(Prompt) Range to output from the entries below: the line containing "Świeca, Szatka i" through the line containing "Кроватка Moonco Batty". Set it down exactly, ends included, nothing else.

(Exercise materials)
□ □ □ □ □ □ □

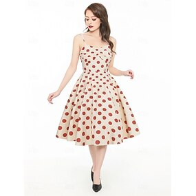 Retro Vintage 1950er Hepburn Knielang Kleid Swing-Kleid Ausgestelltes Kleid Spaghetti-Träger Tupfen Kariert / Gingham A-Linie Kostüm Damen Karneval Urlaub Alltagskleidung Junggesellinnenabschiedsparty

□ □ □ □ □ □ □

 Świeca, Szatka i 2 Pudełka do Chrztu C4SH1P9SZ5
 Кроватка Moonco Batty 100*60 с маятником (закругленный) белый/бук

□ □ □ □ □ □ □

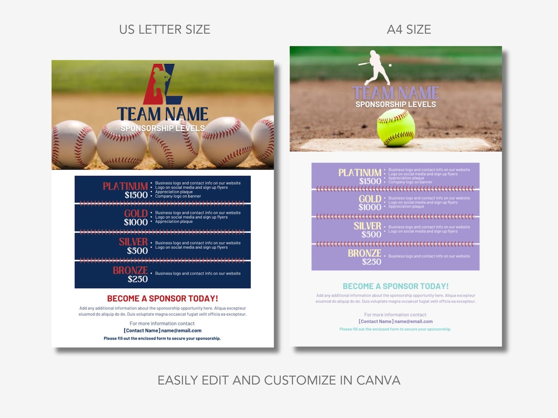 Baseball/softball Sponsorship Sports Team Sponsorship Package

□ □ □ □ □ □ □

(Output)
 Świeca, Szatka i 2 Pudełka do Chrztu C4SH1P9SZ5
 Кроватка Moonco Batty 100*60 с маятником (закругленный) белый/бук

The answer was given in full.